» **Dataset entries**:
----
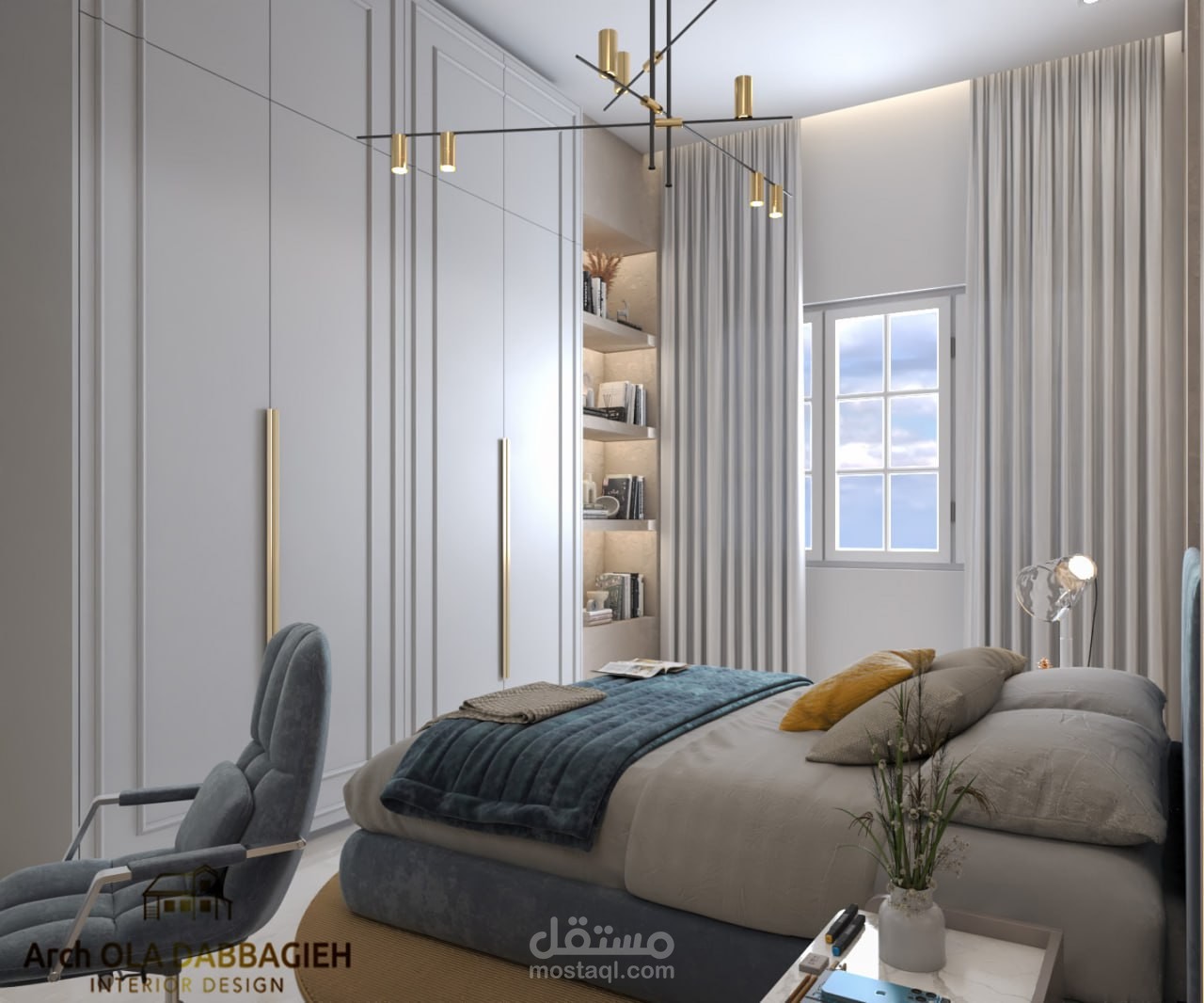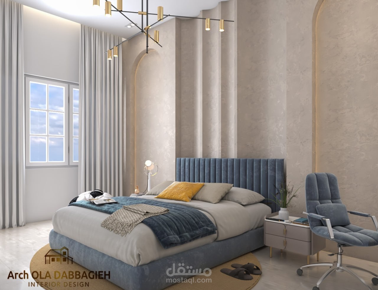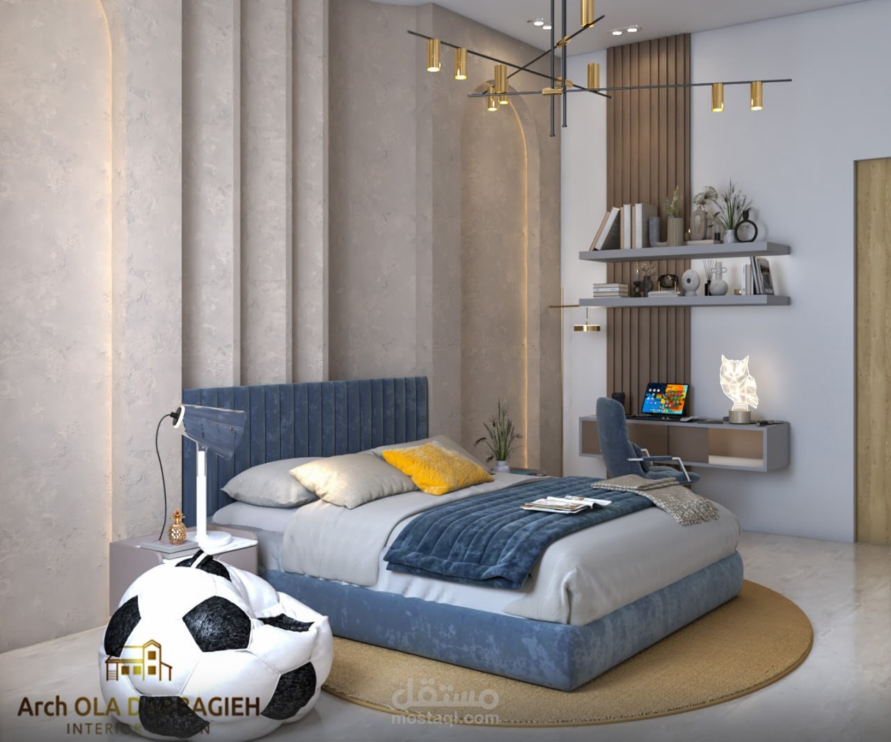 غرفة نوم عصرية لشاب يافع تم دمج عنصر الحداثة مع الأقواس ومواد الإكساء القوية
----
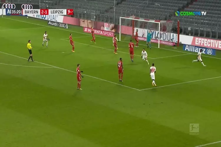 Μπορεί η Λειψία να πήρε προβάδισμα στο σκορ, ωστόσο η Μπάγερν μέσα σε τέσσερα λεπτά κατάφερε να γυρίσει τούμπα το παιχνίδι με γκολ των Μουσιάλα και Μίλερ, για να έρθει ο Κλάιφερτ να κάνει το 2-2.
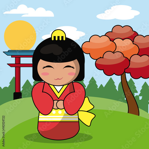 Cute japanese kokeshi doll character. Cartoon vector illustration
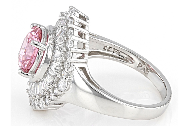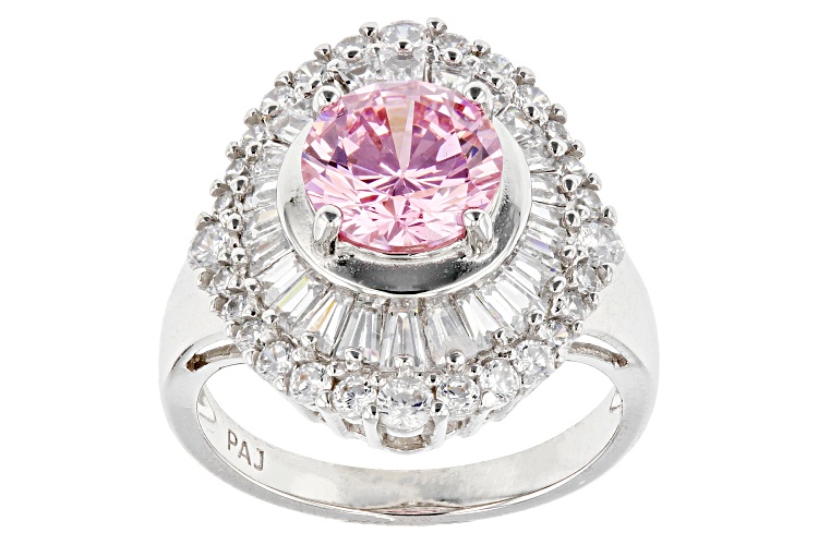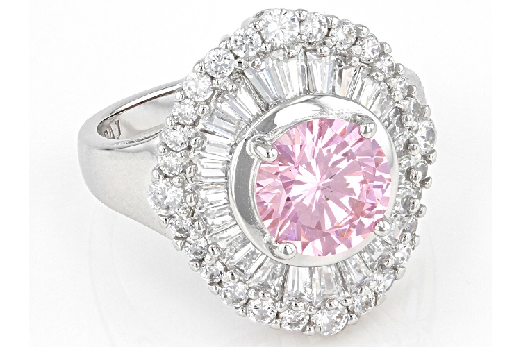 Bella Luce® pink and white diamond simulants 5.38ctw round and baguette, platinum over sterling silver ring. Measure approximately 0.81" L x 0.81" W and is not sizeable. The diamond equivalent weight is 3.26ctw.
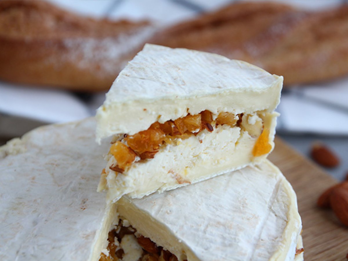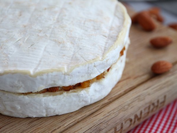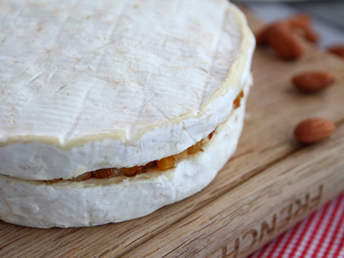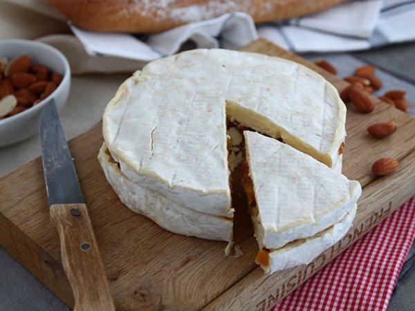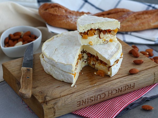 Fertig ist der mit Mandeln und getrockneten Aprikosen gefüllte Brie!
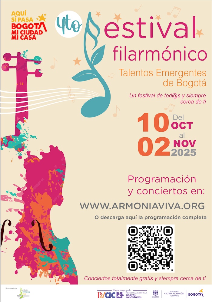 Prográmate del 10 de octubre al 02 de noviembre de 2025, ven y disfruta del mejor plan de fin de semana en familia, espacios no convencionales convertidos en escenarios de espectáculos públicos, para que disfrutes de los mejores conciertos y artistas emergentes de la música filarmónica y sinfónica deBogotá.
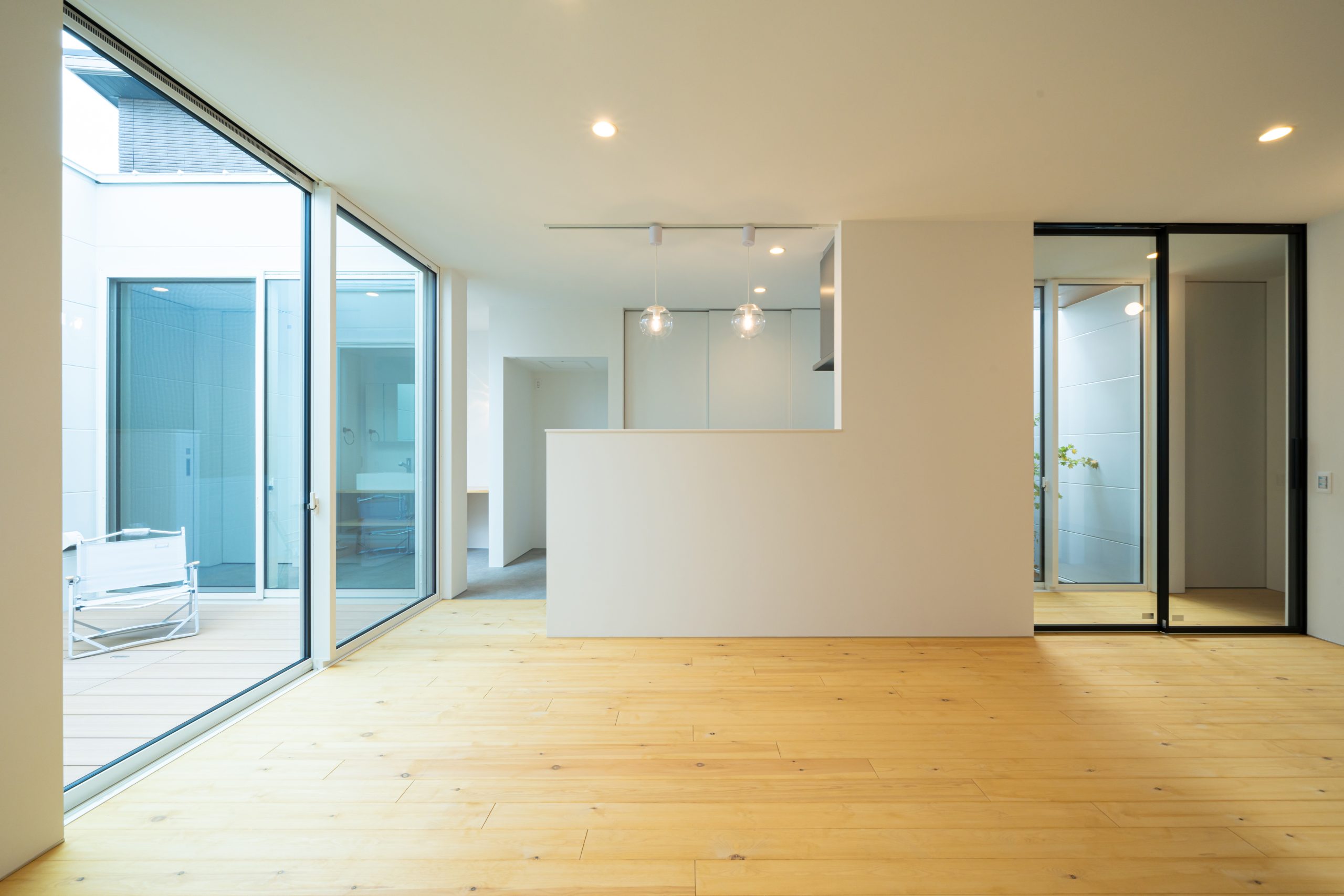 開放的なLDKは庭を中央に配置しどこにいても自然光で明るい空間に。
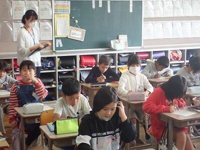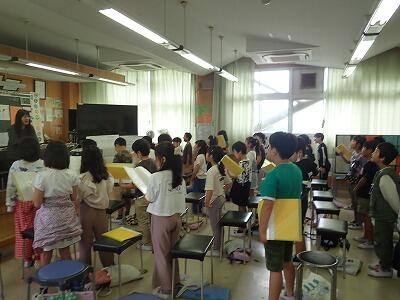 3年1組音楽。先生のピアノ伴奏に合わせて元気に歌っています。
----
» **Task description**:
Exactly as written above, retype the lines starting at the one holding "開放的なLDKは庭を中央に配置しどこにいても自然光で明るい空間に。" and ending at the one holding "3年1組音楽。先生のピアノ伴奏に合わせて元気に歌っています。", both included, but not the pictures.

» **Response**:
 開放的なLDKは庭を中央に配置しどこにいても自然光で明るい空間に。
 3年1組音楽。先生のピアノ伴奏に合わせて元気に歌っています。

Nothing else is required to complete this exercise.